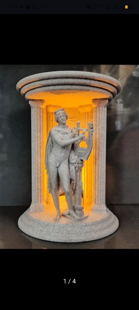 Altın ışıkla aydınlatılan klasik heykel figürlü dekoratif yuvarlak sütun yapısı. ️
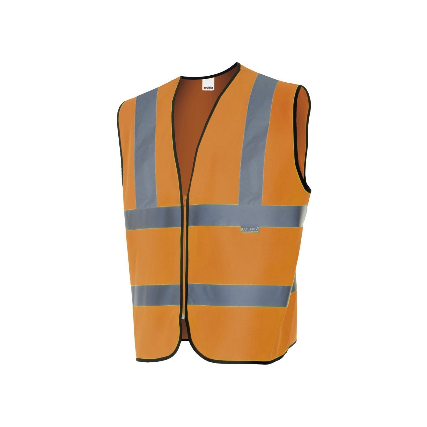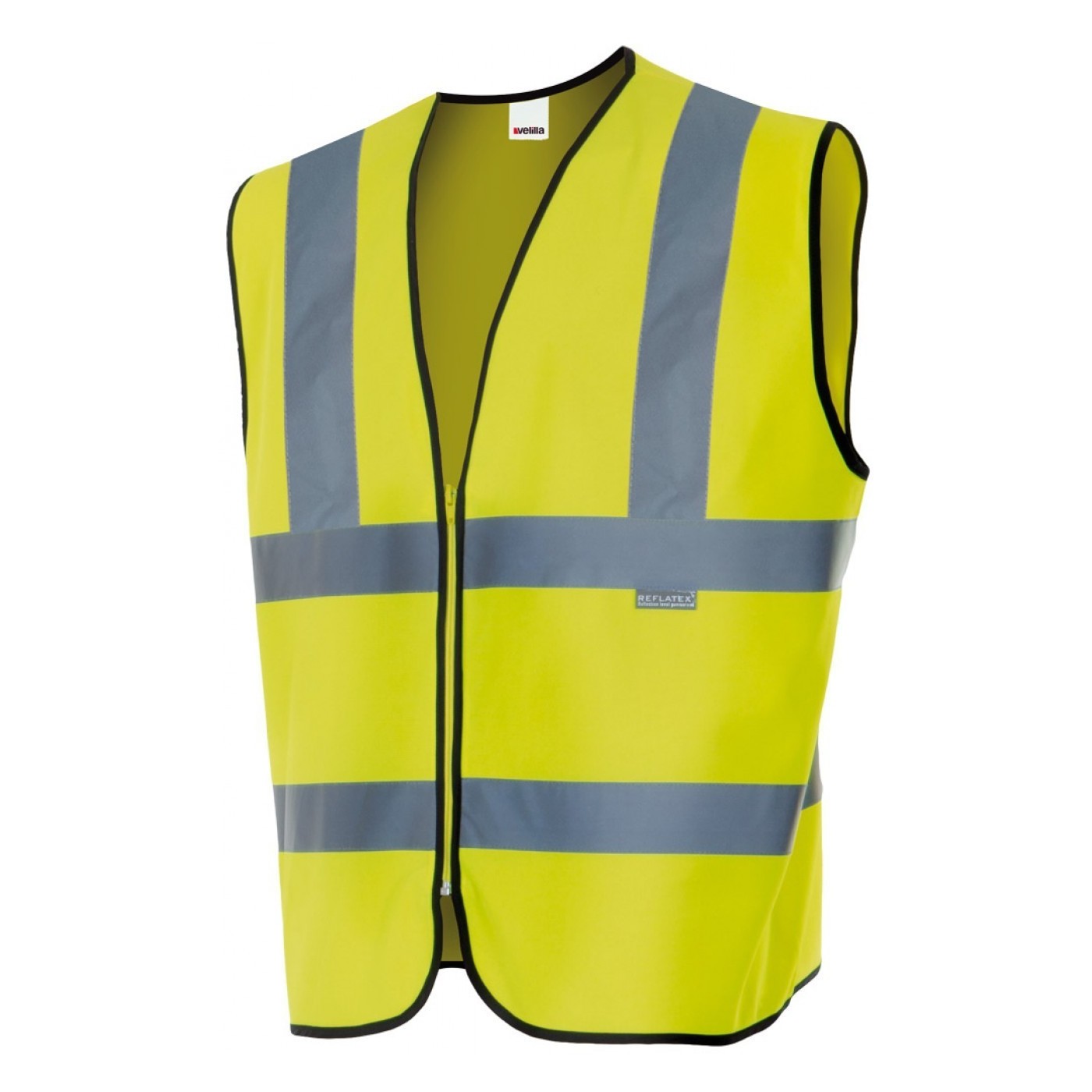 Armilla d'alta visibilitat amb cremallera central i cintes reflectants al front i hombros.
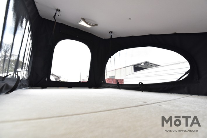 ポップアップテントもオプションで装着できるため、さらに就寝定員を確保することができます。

☆ ☆ ☆

Without including any picture, reproduce the material above word for word.

 Altın ışıkla aydınlatılan klasik heykel figürlü dekoratif yuvarlak sütun yapısı. ️
 Armilla d'alta visibilitat amb cremallera central i cintes reflectants al front i hombros.
 ポップアップテントもオプションで装着できるため、さらに就寝定員を確保することができます。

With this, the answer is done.